When I say that literacy is the ability to read and write, I am aware that a large group of people with varying amounts of education and intelligence are included. But, that is what literacy is, our most basic organized communicative skill.
I believe that interfaces do not have to complicate this simple definition. Navigating different interfaces does not require different literacies; it merely requires different skill sets. Using a table of contents in a textbook and navigating the web are separate skill sets, not separate literacies.

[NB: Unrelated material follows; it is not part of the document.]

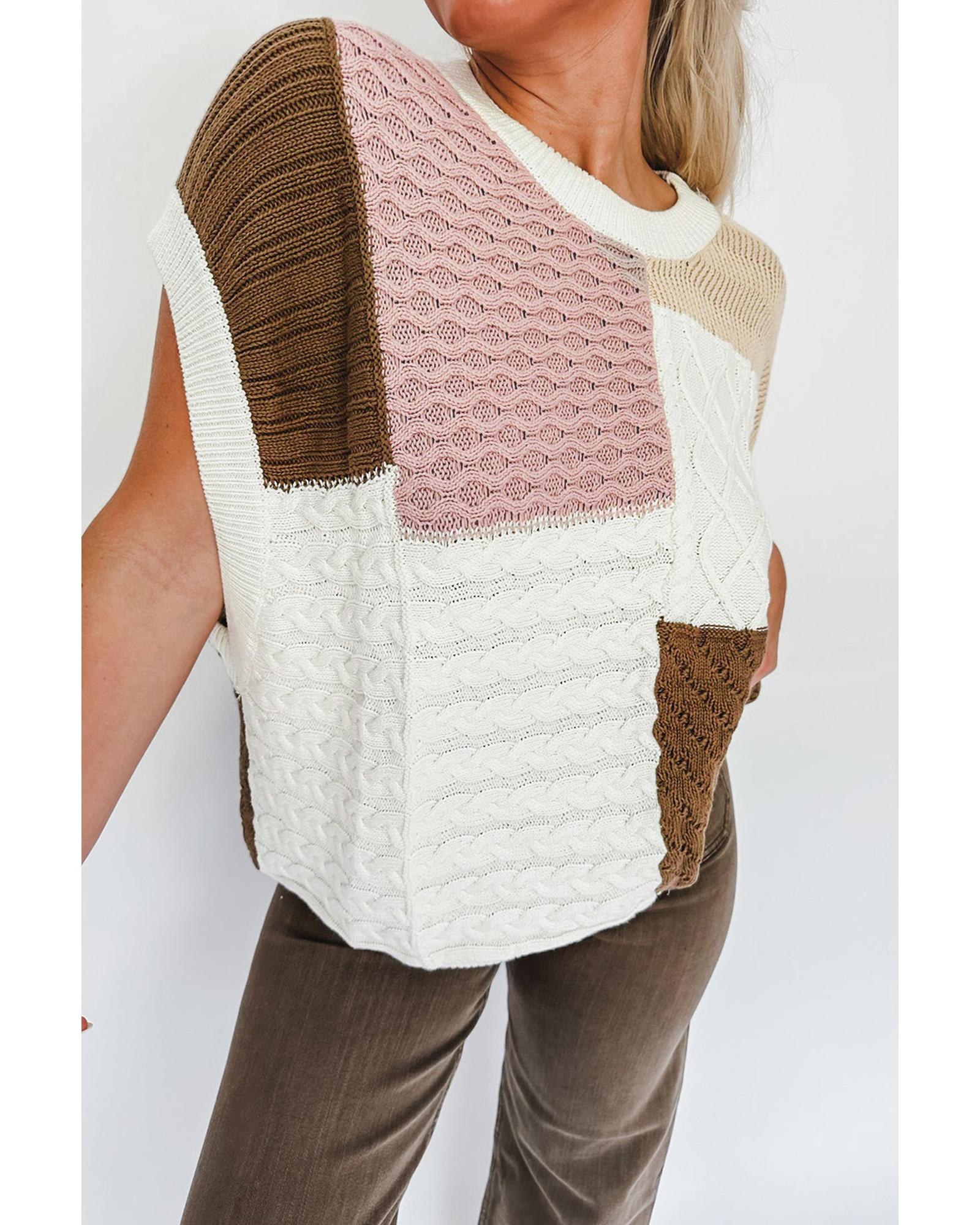 - Multicolor colorblock mix textured sweater tee

How interfaces affect the text and the reader is important. Does a book or the internet require more attention from the reader? From which interface does the reader retain the most information? I believe that these are matters of preference and circumstances. Some find working with a pen and paper time consuming, and they find room for a bookshelf a luxury. Others think that computer screens are too difficult to focus on and that the bright light hurts their eyes. People just prefer one method to the other for different reasons.
I remember when my grandfather first started using e-mail. He is a smart man, but my mom had to explain to him how to use it, and it still took him the better part of an evening to set up his account. Six or seven years later, he still has the same dial up connection and e-mail address. I am not sure if he even uses it that frequently; he prefers to write. I have changed internet connections and providers several times in that period of time, but I am no more literate than my grandfather. Sometimes older generations never fully receive a new interface and they fail to learn its required skills, but they still have old interfaces and they remain literate and fully capable.

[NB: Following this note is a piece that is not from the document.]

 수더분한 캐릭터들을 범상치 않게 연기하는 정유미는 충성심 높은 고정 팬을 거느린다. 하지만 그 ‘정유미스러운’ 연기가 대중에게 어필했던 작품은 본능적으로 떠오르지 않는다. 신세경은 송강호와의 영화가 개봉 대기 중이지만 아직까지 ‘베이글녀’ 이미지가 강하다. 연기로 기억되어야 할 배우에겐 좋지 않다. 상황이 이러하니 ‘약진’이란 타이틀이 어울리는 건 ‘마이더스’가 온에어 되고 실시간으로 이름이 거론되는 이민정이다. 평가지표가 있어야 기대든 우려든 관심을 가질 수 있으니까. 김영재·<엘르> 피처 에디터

I also believe that certain interfaces are more reliable than others. Books undergo extensive screening through publishers, so they are extremely reliable. Whereas Internet articles sometimes go straight to the web and are less reliable. I have been in classes where teachers specifically point out web sites they will not count as a source because they are deemed unreliable. However, I have never had a teacher discredit an entire book. Both have their appeal, reliability as opposed to speed. Again the decision between the interfaces is a matter of preference.
I believe there is something good to be said of every interface and that each will continue to find its place in the literate world of the future.